*WHAT TO PRODUCE*: Skipping all pictures, set down the lines of the listing from the first through the one with "El camarón es".

*SUPPLIED INFORMATION*:
------------------------------

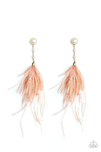 A plume of soft feathers flares out from the bottom of linked pearl-dotted gold frames for a refined flair. Earring attaches to a standard post fitting.
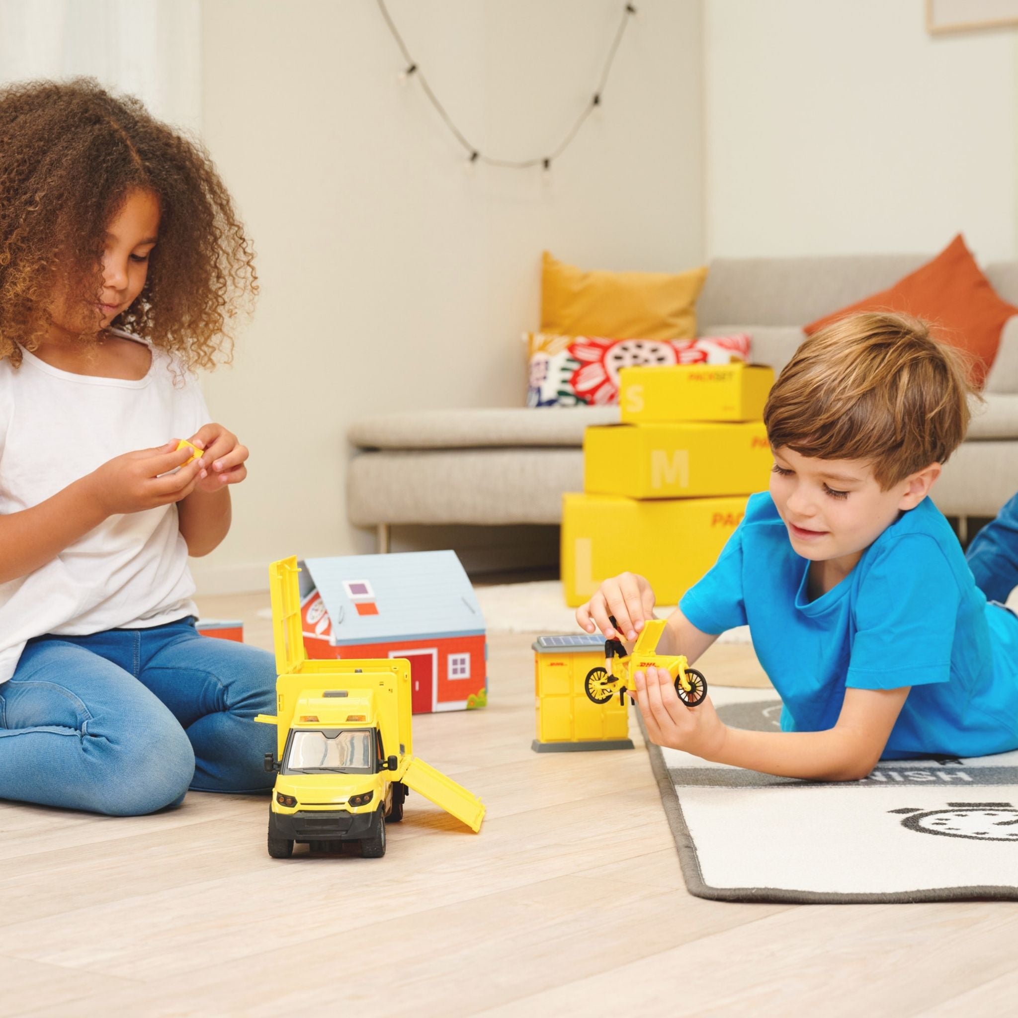 Dickie DHL Kargo Teslimat Araç Seti, lojistik ve teslimat dünyasını oyunla tanıştıran gerçekçi bir taşıma setidir. DHL markasının ikonik sarı renkleri ve detaylı tasarımıyla hazırlanan bu 25 cm uzunluğundaki araç, minik kuryelere heyecan dolu bir oyun deneyimi sunar. Gerçekçi görünümü ve hareketli parçalarıyla çocukların rol yapma becerilerini geliştirirken, taşıma ve teslimat kavramlarını eğlenceli bir şekilde öğretir. Dickie DHL Kargo Teslimat Araç Seti, çocuklara eğlenceli bir şekilde teslimat yapmayı öğretirken onların hayal gücünü ve el becerilerini geliştirir. Gerçekçi tasarımı ve sağlam yapısı sayesinde uzun süreli oyun keyfi sunar.
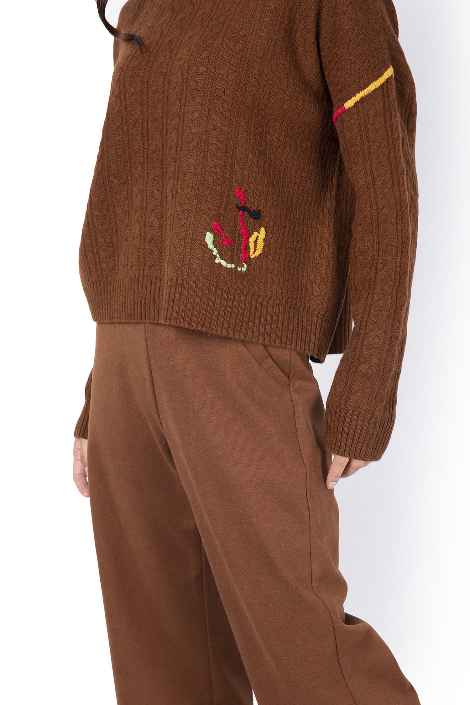 | Description | Crew Neck Cable Knit Loose Jumper with Hand Stitched Pattern 7GG |
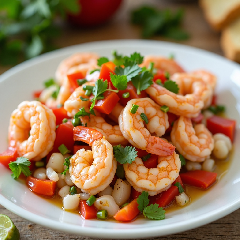 El camarón es una excelente fuente de proteínas y contiene omega-3, que son beneficiosos para la salud del corazón. El pimiento rojo y la cebolla aportan antioxidantes, mientras que el cilantro es conocido por sus propiedades antiinflamatorias. Para una versión saludable, puedes optar por un aceite de oliva de primera presión en frío y controlar las cantidades de sal y limón para ajustar el nivel de sal y acidez según tus preferencias dietéticas.
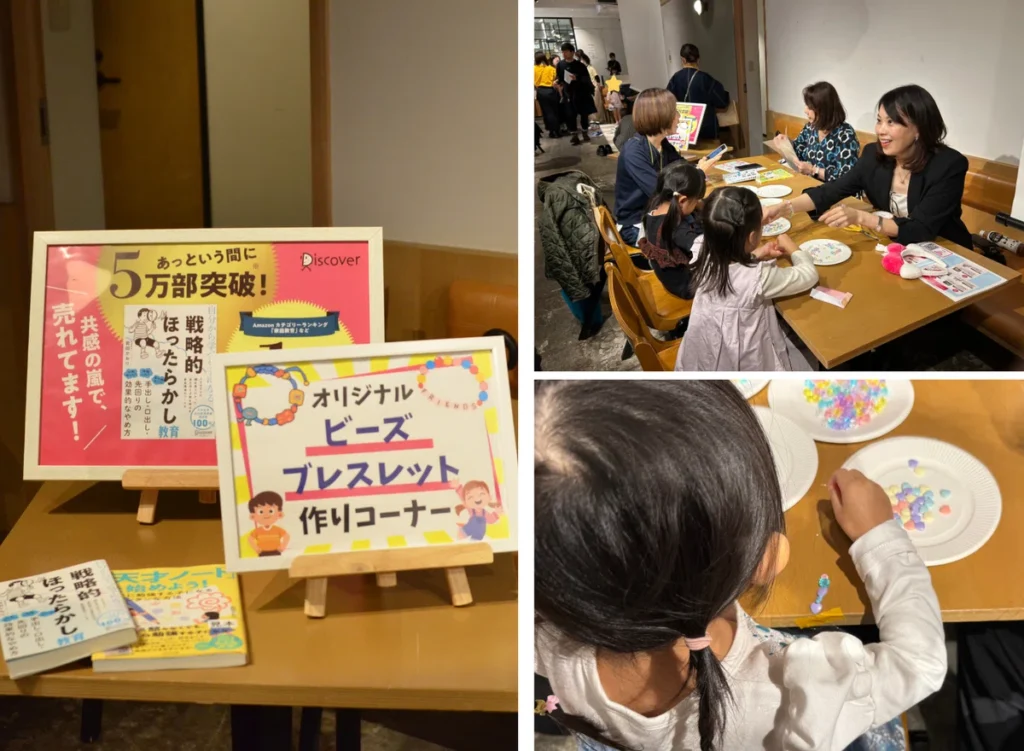 「戦略的ほったらかし教育」や「天才ノート」で知られる岩田かおりさまのブースでは、子どもたちがオリジナルのビーズブレスレットづくりを楽しむ傍ら、大人のみなさまがおうち教育をはじめとした子育て相談を行う、アットホームな空間が広がっていました。
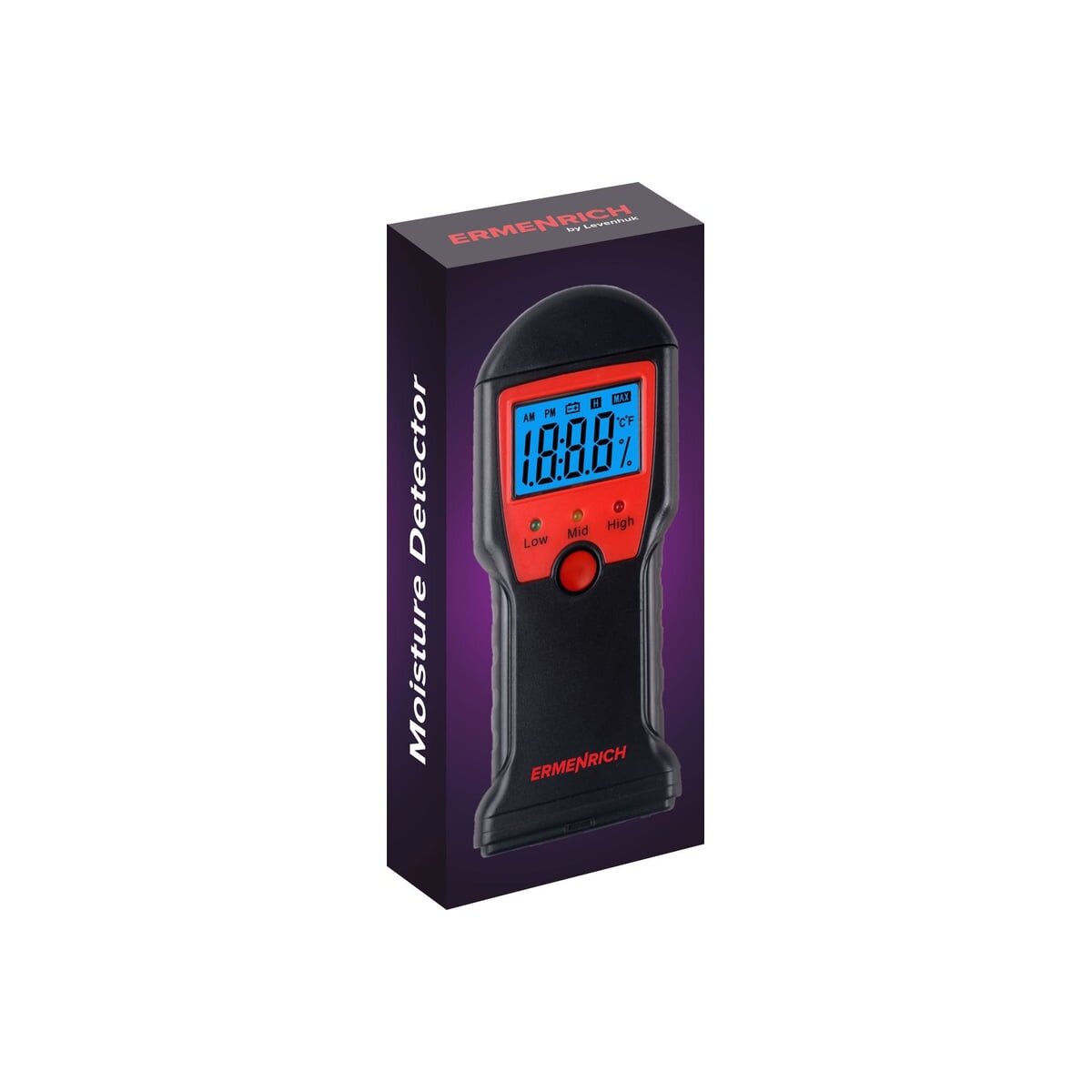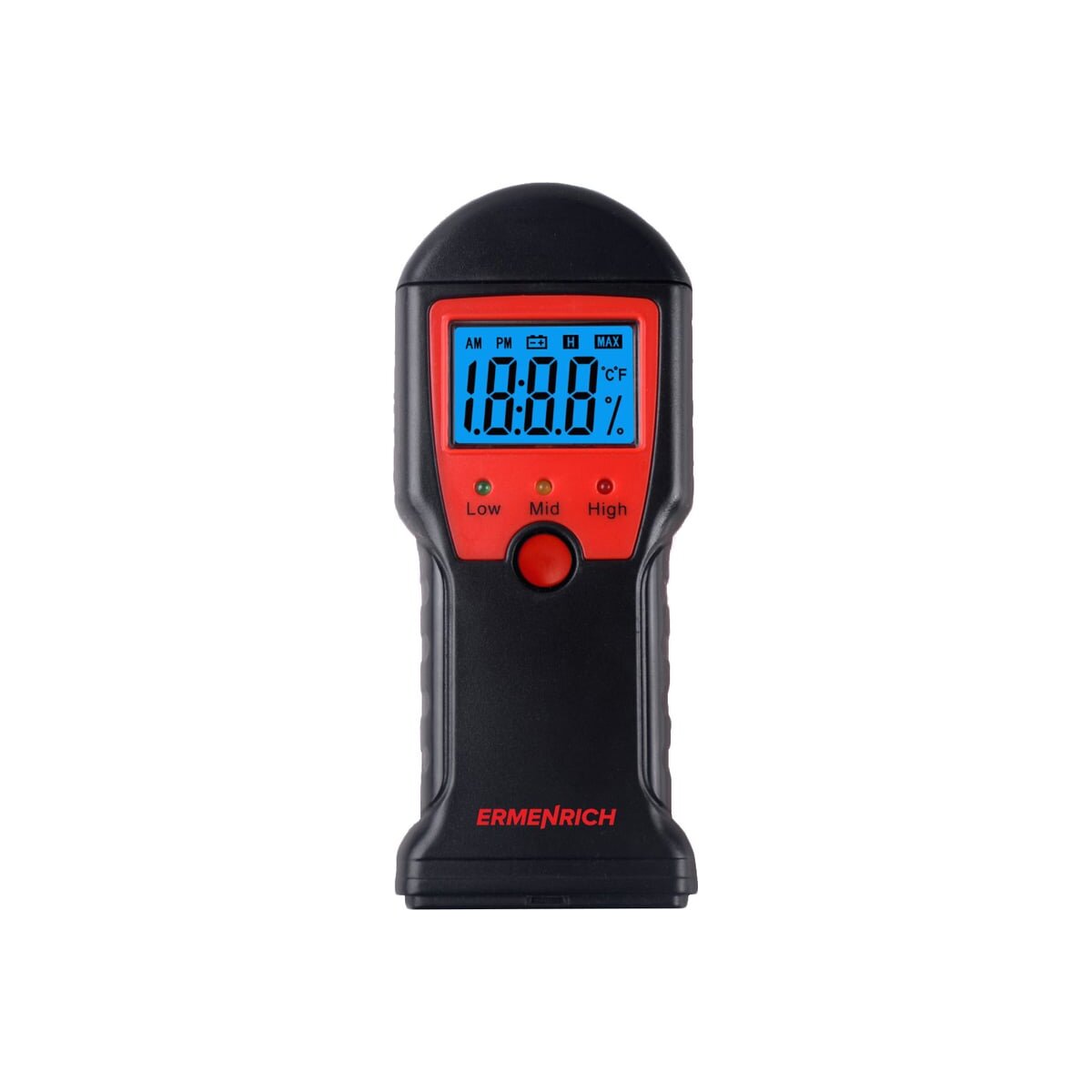 Датчик влажности (влагомер) Ermenrich Wett MW10 – портативный измерительный инструмент, который определяет уровень влажности разных материалов: в первую очередь сделанных из древесины, но также и предназначенных для строительных работ (растворов, смесей и проч.). Он работает по контактной технологии, т. е. имеет пару игольчатых сенсоров, которые и проводят замеры. Также прибор может определять температуру.
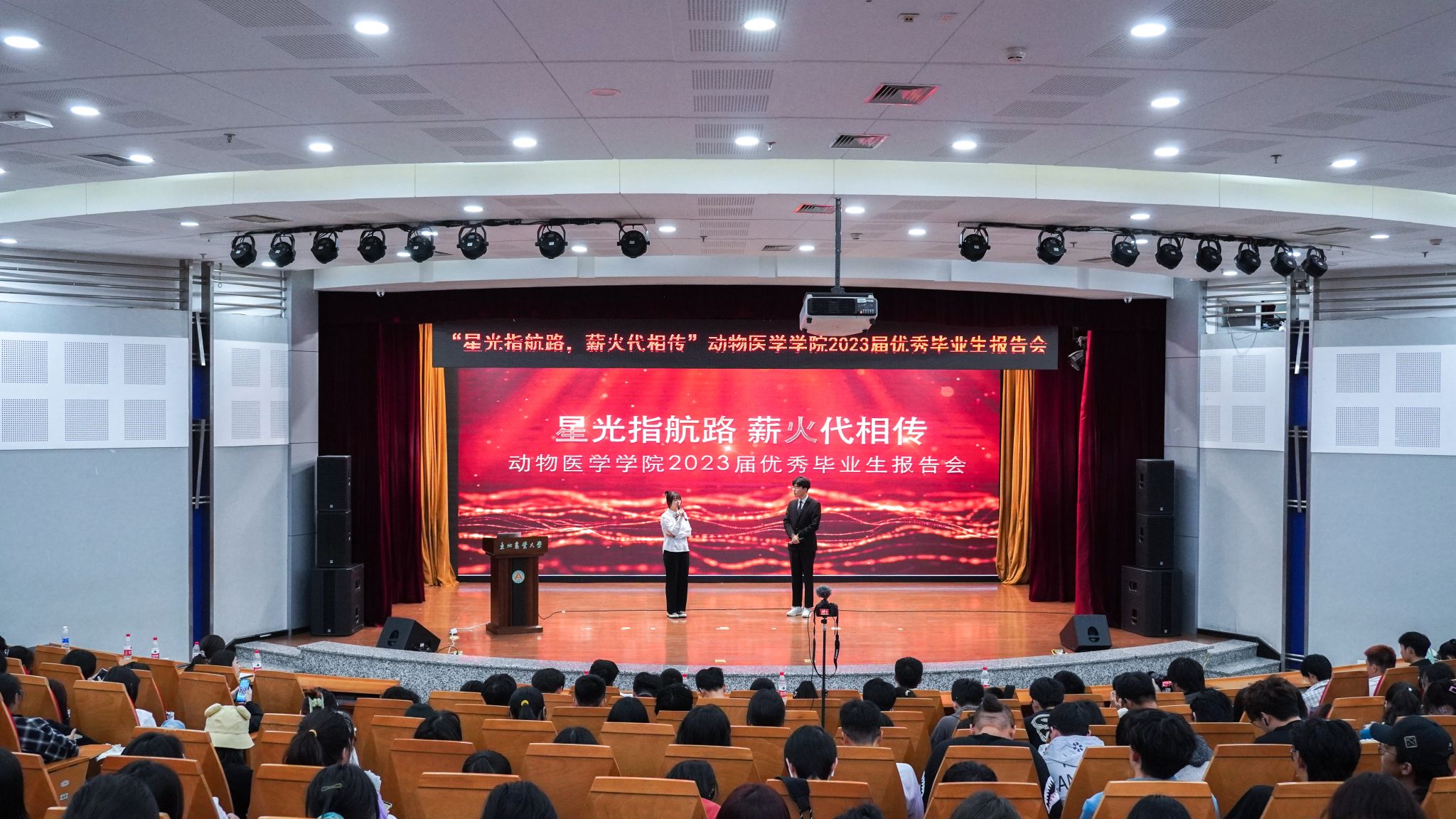 为充分发挥优秀毕业生的典型示范与朋辈引领作用,6月3日下午,ok138电子官方网站在图书馆一楼报告厅举办“星光指航路,薪火代相传”2023届优秀毕业生报告会。6位优秀毕业生结合自己亲身经历和感受,用朴实无华的语言,鲜活生动的事例,从不同角度介绍了他们执着追求、不懈奋斗的感人事迹,报告内容丰富,为在校员工分享了大员工活的经验、收获与感悟。本科动药专业毕业生吴天佐分享了“从员工干部到国门卫士的心路历程”,本科动医专业毕业生宁晖以“研途漫漫,踔厉前行”为题,分享了考研路上的奋斗往事,本科动药专业毕业生陈嘉仪从学习方法出发讲述了绩点提分的方法以及保研经验,本科动医专业毕业生郭致远分享了自己科研经历,并对大家最关注的问题进行了解答,硕士毕业生周聪聪从就业的角度分享了本科生与研究生差异,结合自身经历讲述了研究生就业的感悟,博士毕业生包佳鑫讲述了从本科到博士这一路的励志往事及心路历程。每位毕业生汇报完后分别对观众提出的问题进行了细致的解答。
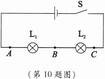 10. 如图所示的电路中,电源电压为$3V$,闭合开关$S$后,两灯均不亮。用导线$a将A$、$B$两点连接起来,发现灯$L_{1}$不亮,灯$L_{2}$亮,则故障原因可能是

------------------------------

*SOLUTION FOR THIS TASK*:
 A plume of soft feathers flares out from the bottom of linked pearl-dotted gold frames for a refined flair. Earring attaches to a standard post fitting.
 Dickie DHL Kargo Teslimat Araç Seti, lojistik ve teslimat dünyasını oyunla tanıştıran gerçekçi bir taşıma setidir. DHL markasının ikonik sarı renkleri ve detaylı tasarımıyla hazırlanan bu 25 cm uzunluğundaki araç, minik kuryelere heyecan dolu bir oyun deneyimi sunar. Gerçekçi görünümü ve hareketli parçalarıyla çocukların rol yapma becerilerini geliştirirken, taşıma ve teslimat kavramlarını eğlenceli bir şekilde öğretir. Dickie DHL Kargo Teslimat Araç Seti, çocuklara eğlenceli bir şekilde teslimat yapmayı öğretirken onların hayal gücünü ve el becerilerini geliştirir. Gerçekçi tasarımı ve sağlam yapısı sayesinde uzun süreli oyun keyfi sunar.
 | Description | Crew Neck Cable Knit Loose Jumper with Hand Stitched Pattern 7GG |
 El camarón es una excelente fuente de proteínas y contiene omega-3, que son beneficiosos para la salud del corazón. El pimiento rojo y la cebolla aportan antioxidantes, mientras que el cilantro es conocido por sus propiedades antiinflamatorias. Para una versión saludable, puedes optar por un aceite de oliva de primera presión en frío y controlar las cantidades de sal y limón para ajustar el nivel de sal y acidez según tus preferencias dietéticas.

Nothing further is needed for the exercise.